Segment Start: Supplied data

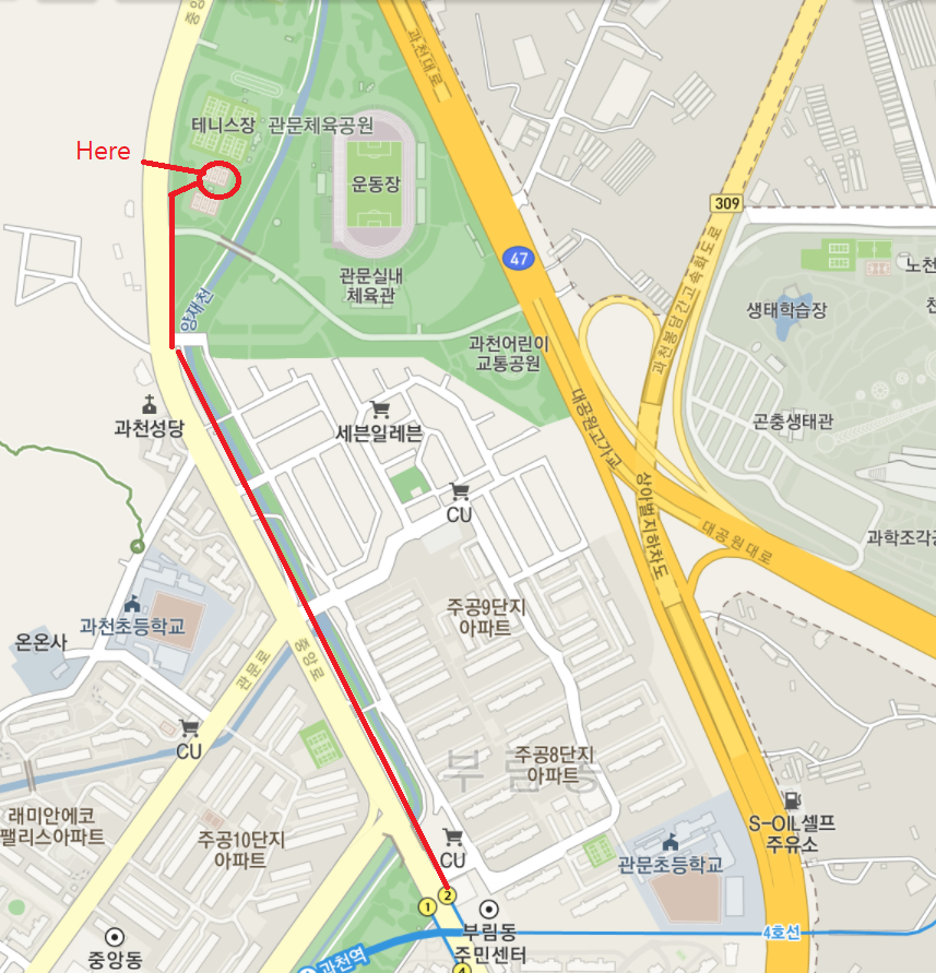 1. 4호선 과천역 2번 출구에서 과천관문체육공원 방향으로 걷기(약 900m)
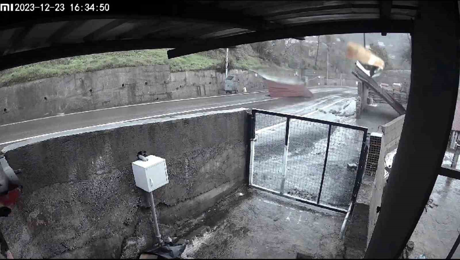 Zonguldak’ta etkili olan fırtına çatıları uçurdu. Kilimli ilçesindeki garajın çatısının uçma anı ise saniye saniye güvenlik kamerasına yansırken, kısa sürede olay yerine ekipler bölgede çalışma yaptı.
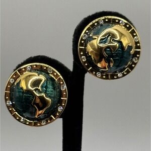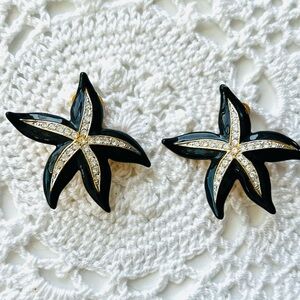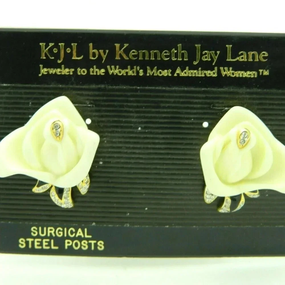 Ivory Colored Lucite Rose Flower Enamel Rhinestones Post Earrings KJL Kenneth Jay Lane

Segment End: Supplied data

Directions for this task
With the pictures excluded, restate the material exactly as it stands.

Task output
 1. 4호선 과천역 2번 출구에서 과천관문체육공원 방향으로 걷기(약 900m)
 Zonguldak’ta etkili olan fırtına çatıları uçurdu. Kilimli ilçesindeki garajın çatısının uçma anı ise saniye saniye güvenlik kamerasına yansırken, kısa sürede olay yerine ekipler bölgede çalışma yaptı.
 Ivory Colored Lucite Rose Flower Enamel Rhinestones Post Earrings KJL Kenneth Jay Lane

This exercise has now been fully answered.